The scenario is that you run the script via the webserver and all of the files etc that are created are owned by Apache. Then you try to run on the command line and the script cannot run because it does not have permission to access Apache’s files. The opposite scenario is also true.

There are a few possible solutions to this but the most elegant and simple is to do the follwing.

Assuming you are running Centos, you first of all need to set Apache to run with a umask of 002. This means that files it creates will have read/write permissions for the Apache group as well as the Apache user.

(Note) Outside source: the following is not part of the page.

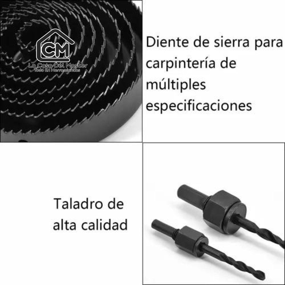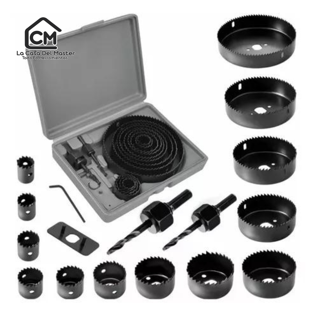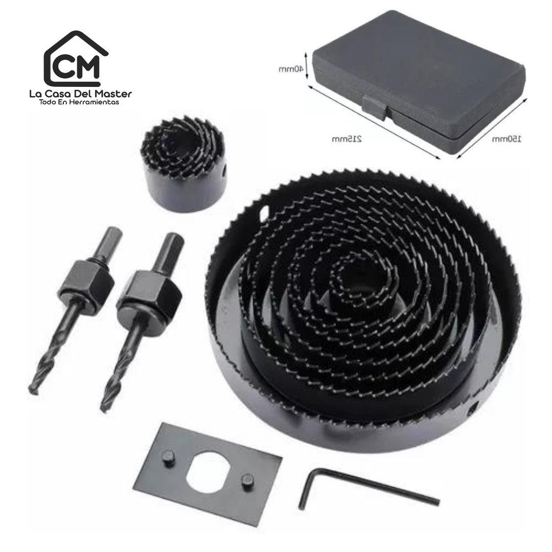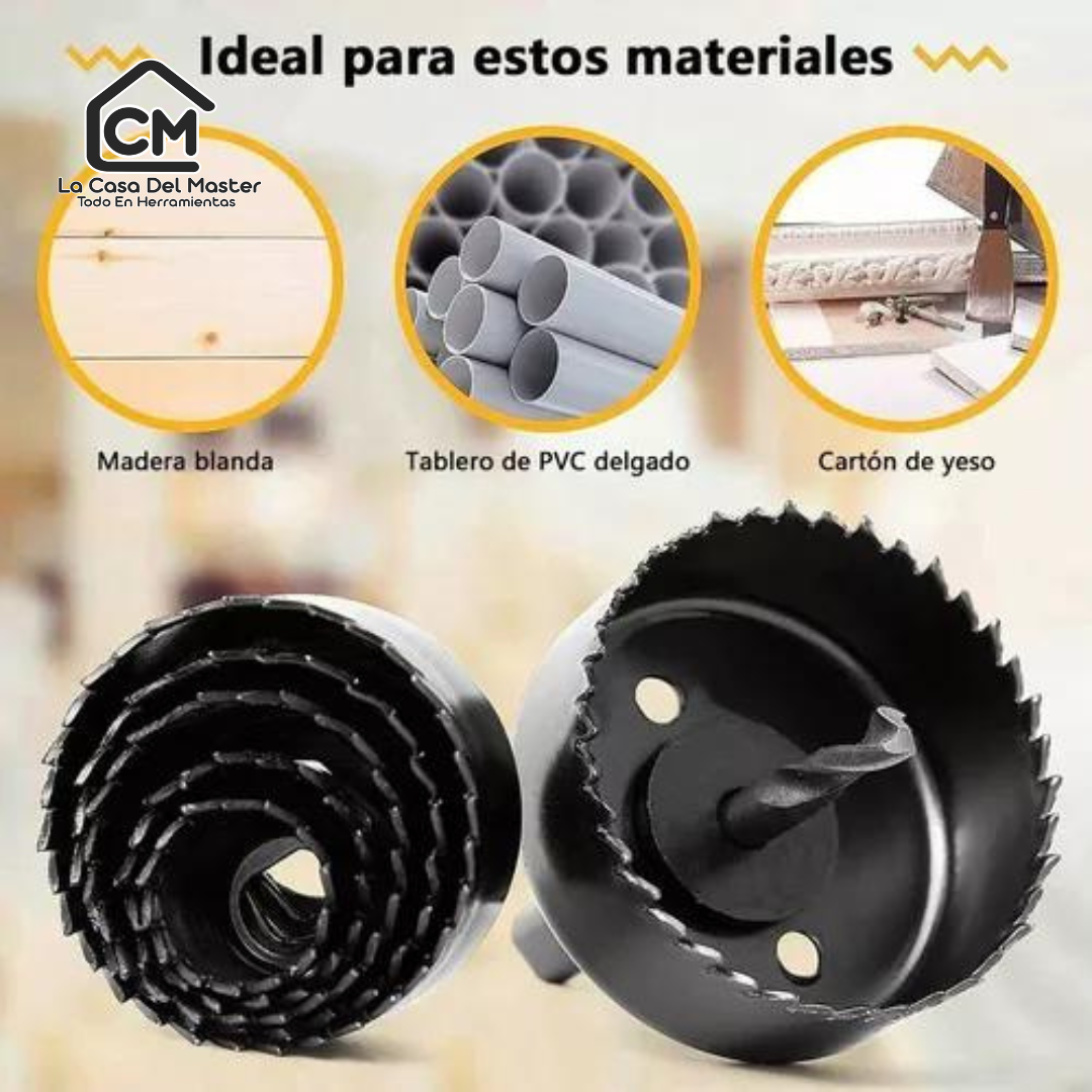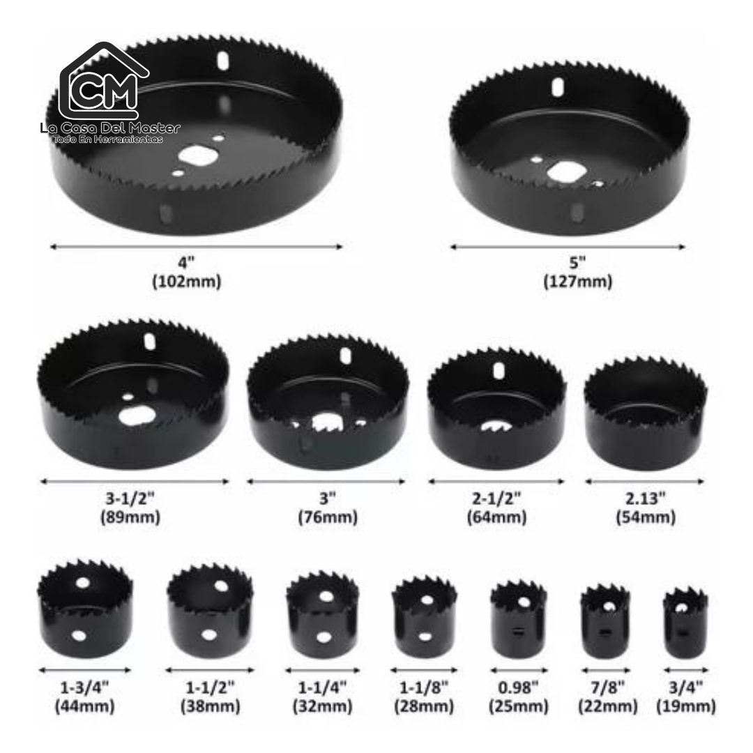 - 12 sierras copa de acero con alto contenido de carbono, con medidas que van desde 19 a 127 mm, ideales para cortar materiales blandos con precisión y rapidez.

To do this, simply add a line to the file /etc/sysconfig/httpd. You can do this in one command like this:

echo "umask 002" >> /etc/sysconfig/httpd

Then you need to restart Apache to apply this.

service httpd restart

You then need to add your shell user to the apache group. To do this you need to do the following:

vigr

Then find the line with your shell user and at the end add a comma and the word apache. This will add that user to the apache group along with it’s own group.

You will get a prompt to also edit etc/shadow. Agree to this and repeat the process.

You will then need to log out and log back in to apply those changes and that should resolve your permissions issues for good.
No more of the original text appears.